逃げる為だ。一刻も早くこの場を離れる為だ。隙をついて、全速力で、逃げる。こんなに不気味で、理不尽な存在に、少年たちはこれまで遭遇したことが無かった。為した悪事の数なんて、数えていない。罪悪感なんて、感じたことも無い。反省をする気も、更々ない。けれど、目の前の女子高生は、自分達がまだ何もしていない悪事を、裁くという。

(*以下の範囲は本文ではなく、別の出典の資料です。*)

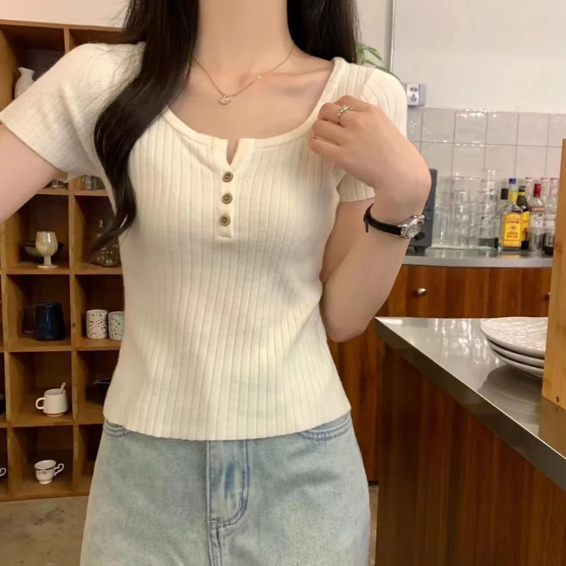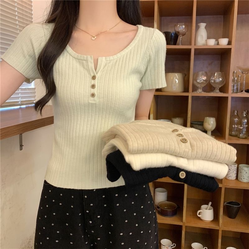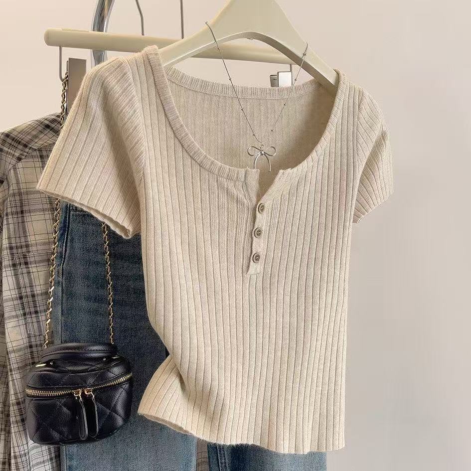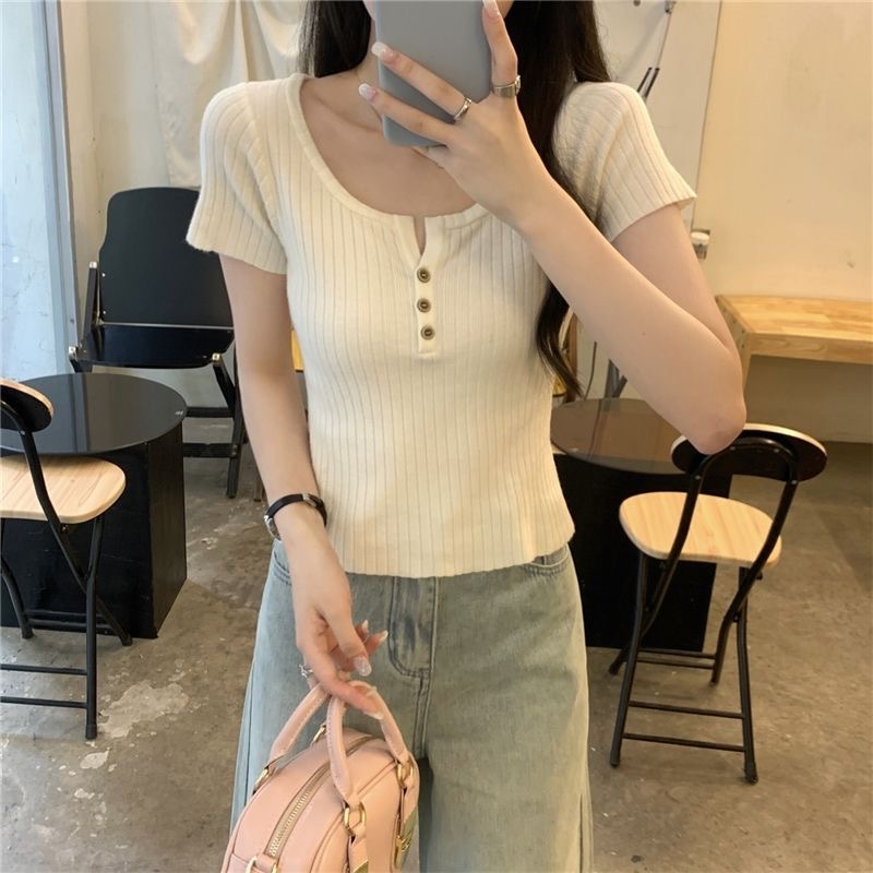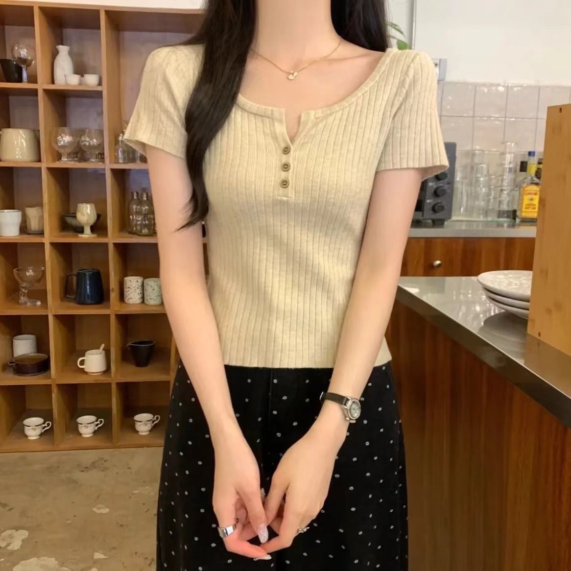 여름 프랑스 스타일 U-목 쇄골 아이스 실크 니트 반팔 티셔츠 여성용 하이 엔드 슬림-핏 어깨베이스 탑스토어 가기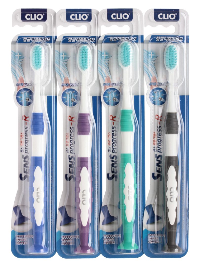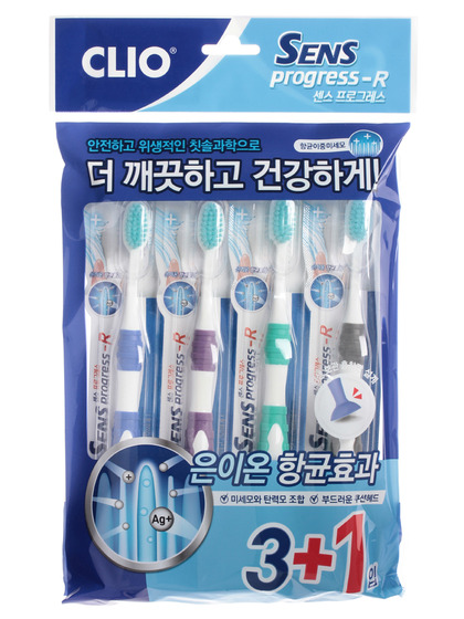 Изготовитель: CLIO Co., Ltd., КОРЕЯ, РЕСПУБЛИКА, 52-43, Geumgok-ro, Jiksan-eup, Seobuk-gu, Cheonan-si, Chungcheongnam-do. Зубная щетка от бренда CLIO Sens Progress Antibacterial R 3+1 (24 set). У щетки два вида щетин - конические и закругленные,с помощью этой идеальной комбинации, создается двойной эффект: зубной налет удаляется с помощью округлой щетины, а межзубные пространства очищаются коническими щетинками, которые более тонкие и поэтому без труда проникают в труднодоступные места. Антибактериальные нити не дают развиваться бактериям на щетке.
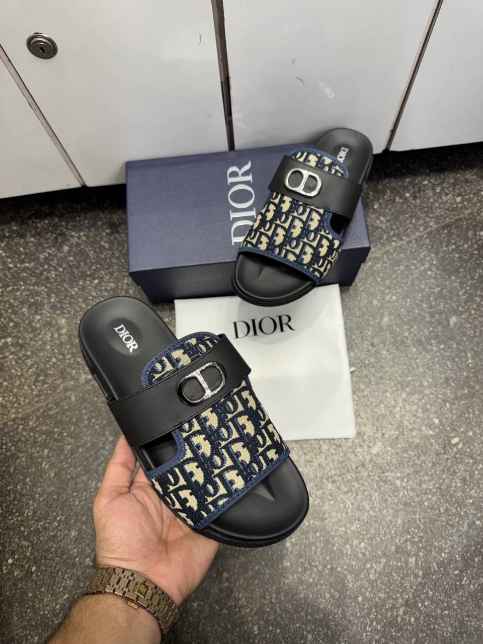 Dio.r Aqua Oblique Sandals Slides Navy Premium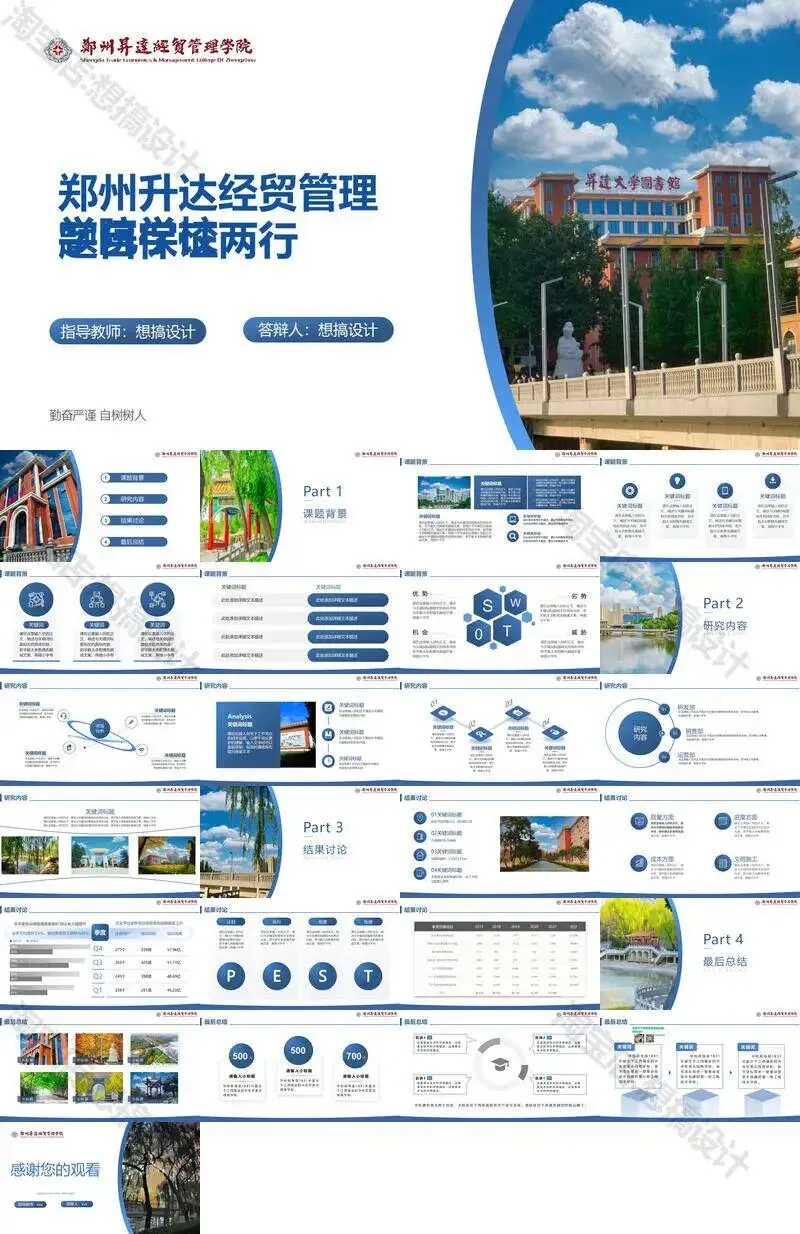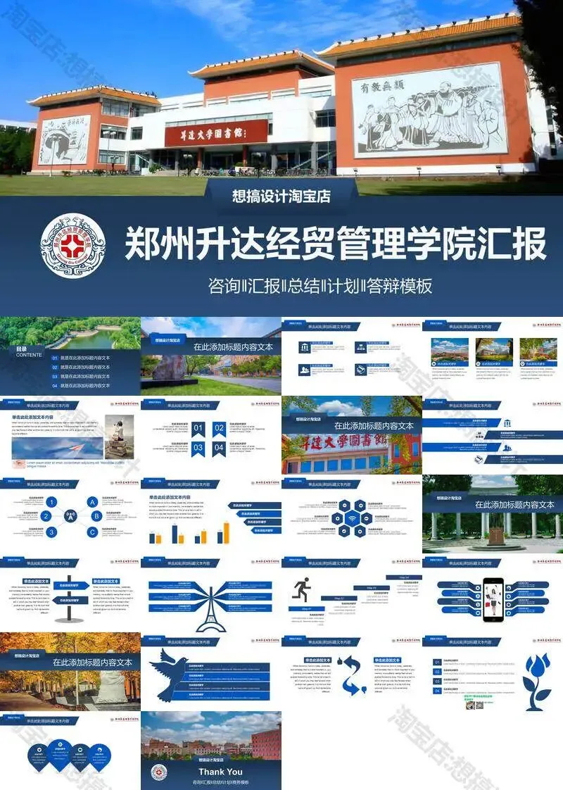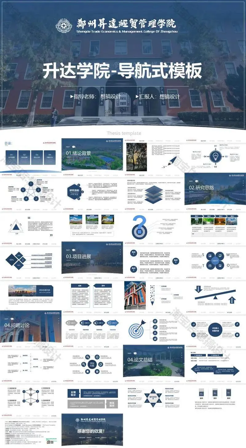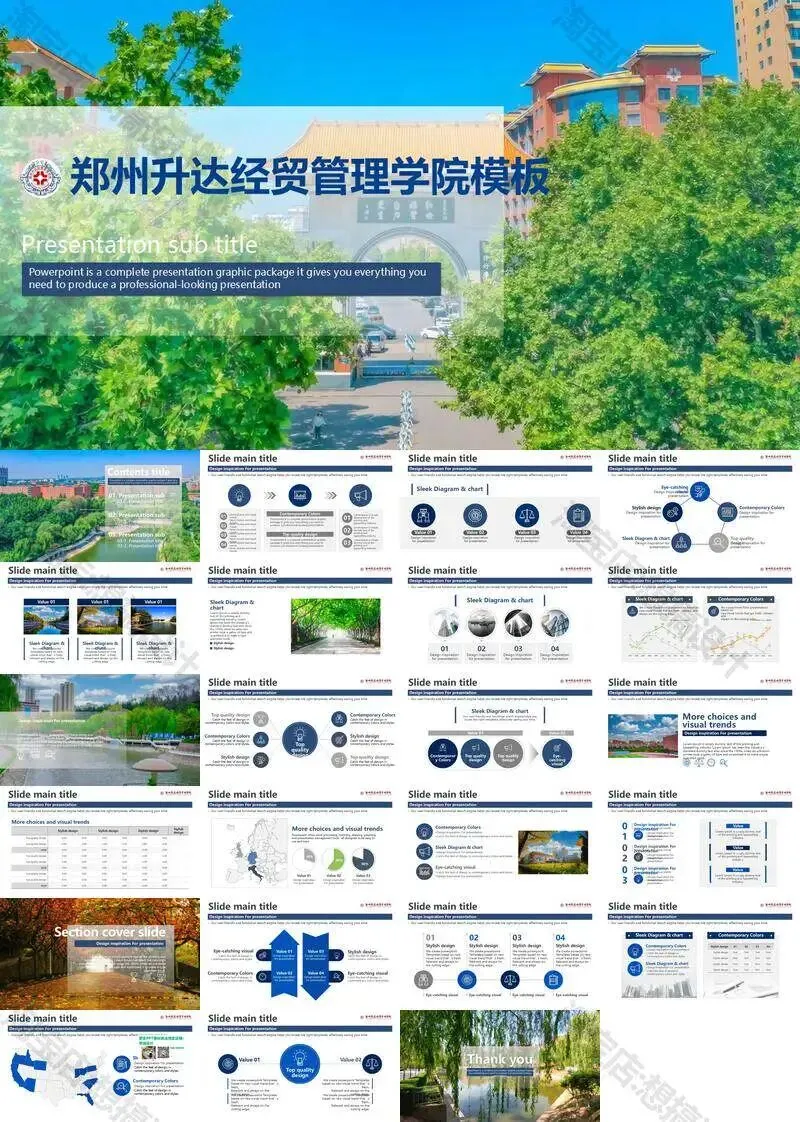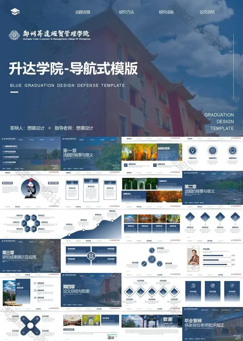 郑州升达经贸管理学院毕业答辩PPT模板汇报幻灯片课件总结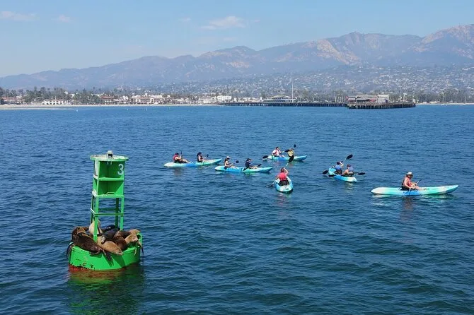 Remamos juntos, desviando de alguns barcos de pesca — sempre tem mais movimento no porto do que parece. A palavra-chave aqui é “passeio de caiaque Santa Barbara”, mas, na real, parecia menos um passeio turístico e mais como flutuar no quintal de alguém. Alex apontou uns veleiros enormes (um deles, segundo ele, era de um rockstar aposentado?), e de repente, leões marinhos começaram a latir para a gente de uma boia. Eles têm um cheiro forte... não se escondem disso. Mas ver eles se mexendo desengonçados fez todo mundo rir. Tentei falar algo sobre eles em espanhol (não sei por quê), e Alex só balançou a cabeça.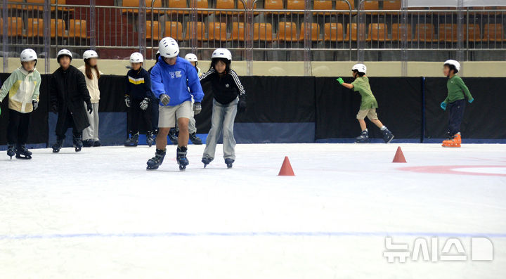 [전주=뉴시스] 김얼 기자 = 연일 무더위가 이어지고 있는 2일 전북 전주시 화산체육관 빙상경기장을 찾은 어린이들이 아이스링크를 타며 더위를 식히고 있다. 2025.07.02. [email protected]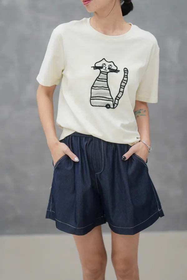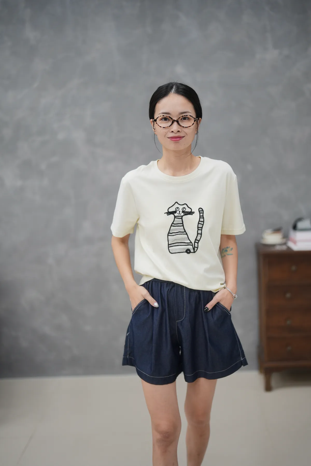 超級療癒的 刺繡棉繩貓咪t(售完沒有喔)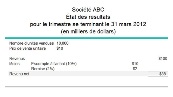 Quand une entreprise offre un escompte ou une remise à une cliente ou un client, cela apparaît sur l’état des résultats en tant que réduction de revenus. Cela signifie que le chiffre du revenu net est le chiffre d’affaires «réel» pour la période donnée.

ぞっと少年たちの肌が粟立った。口から、うめき声が漏れる。
じゃりっ。加恋が更に一歩踏み出したのを合図に、
「う、うわああああ!?」
少年達は泡を食って逃げ出した。それぞれが仲間の姿も見えていない様な、自分の身を護るのに必死な姿だ。
「……逃げるんだ」
聞きたくなかった。聞こえたくなかった。それでもリーダー格の少年は自分の背中に向けて呟く加恋の言葉を、はっきりと聞いてしまった。
「あんた達は、将来きっと、絶対に間違いなく、私の前にまた現れる。その時は、絶対に倒すから」
少年達は、全速力で逃げながら思う。もう、二度と学校をサボって、あのゲーセンには行かないと。